Subspecialists typically earn more than general pediatricians and work in hospital or academic settings. The tradeoff is additional years of relatively low fellowship pay and a narrower, often more intense patient population.

What Pediatricians Earn

The median annual salary for a general pediatrician is about $199,000, based on federal labor data from 2023. That figure varies significantly depending on where and how you practice. At the lower end, the 25th percentile earns around $141,000. Salary data at the top end isn’t reported precisely, but pediatricians in outpatient care centers and specialty hospitals average above $222,000.

Geography matters too. Pediatricians in Mississippi earn the highest average wages by state, at roughly $329,000. Iowa and Wisconsin follow, with averages above $255,000. Metropolitan areas like Cedar Rapids, Iowa, and Toledo, Ohio, top the city-level rankings, with averages above $308,000. These numbers reflect supply and demand: areas with fewer pediatricians often pay more to attract them.

It’s worth noting that pediatrics is one of the lower-paying medical specialties.
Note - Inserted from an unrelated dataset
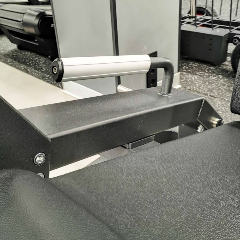 Тренажёр Разгибание ног сидя направлен на изолированное развитие квадрицепсов. Удобное сиденье с выступающим валиком под колени и опорная спинка помогают занять устойчивое положение и сохранять правильную технику выполнения упражнения. Валик для ног на подвижном рычаге обеспечивает комфортное движение, а боковые рукояти вдоль сиденья фиксируют корпус, исключая лишние движения. Конструкция проста в использовании и подходит как для начинающих, так и для опытных атлетов.

Surgeons, cardiologists, and dermatologists all earn significantly more. Pediatricians working in academic or university settings earn the least, averaging around $120,000. For many people drawn to this field, the compensation is adequate but not the primary motivator.

The Emotional Weight of the Work

Pediatrics carries a particular kind of emotional intensity. Most days are filled with routine visits and healthy kids. But when a child is seriously ill, the stakes feel different than in adult medicine. Parents are frightened, kids are confused, and the pediatrician is often the person absorbing everyone’s anxiety while trying to think clearly.
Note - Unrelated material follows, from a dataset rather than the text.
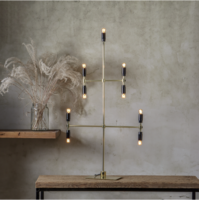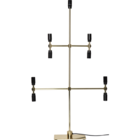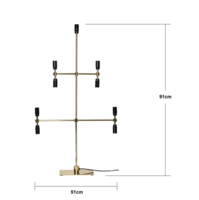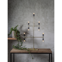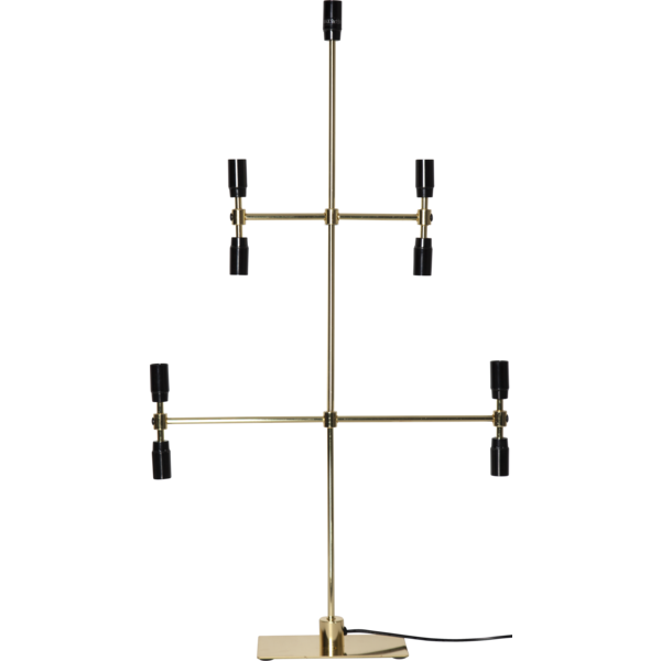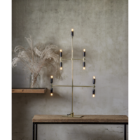 Modern metall ljusstake i mässingsfärg, dubbla lamphållare i svart på alla armar förutom topplampan. Dekorera till advent eller året runt som en fin inredningsdetalj. Passar både hem och offentlig miljö.

About 26% of pediatricians meet criteria for burnout, with emotional exhaustion and depersonalization (a feeling of detachment from patients) being the most common dimensions. The causes aren’t surprising: heavy workloads, administrative burden, and the emotional toll of caring for sick children. Pediatricians who experience depression or anxiety are at particularly elevated risk.

That said, many pediatricians describe their work as deeply fulfilling. You follow patients from infancy through high school, watching families grow. You’re often the first person a new parent calls when something seems wrong. The relationships are long and the trust runs deep, which is something most medical specialties don’t offer in the same way.

Work Hours and Lifestyle

A large study tracking pediatrician work patterns from 2013 to 2022 found that total hours averaged 42.8 per week, with 33.3 of those spent in direct patient care. That’s a more manageable schedule than many surgical or hospital-based specialties, and the trend has been a slight decrease in hours over time.
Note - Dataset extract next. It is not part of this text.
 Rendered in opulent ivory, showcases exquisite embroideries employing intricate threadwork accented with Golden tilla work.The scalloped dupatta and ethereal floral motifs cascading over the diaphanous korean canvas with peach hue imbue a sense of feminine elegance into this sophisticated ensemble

The remaining hours go to charting, responding to patient messages, reviewing lab results, coordinating referrals, and completing insurance paperwork. Many pediatricians describe this administrative load as the least satisfying part of the job. On-call responsibilities vary by practice: some pediatricians share night and weekend call with partners, while solo practitioners or those in small groups may cover more frequently.

The relatively predictable schedule makes pediatrics popular among physicians who prioritize time with their own families. Outpatient pediatricians generally work daytime hours on weekdays, with occasional evening or weekend shifts. Hospital-based roles, including neonatology and pediatric emergency medicine, involve more night shifts and irregular schedules.

Job Market and Demand

Healthcare practitioners as a group are projected to grow 7.2% from 2024 to 2034, more than double the 3.1% growth rate for the overall economy. Pediatrics specifically benefits from steady demand: children always need medical care, and many regions, particularly rural areas, face ongoing shortages of pediatricians. The profession isn’t boom-or-bust. Positions are consistently available, especially for those willing to practice outside major metropolitan areas where competition is tighter and pay is often lower.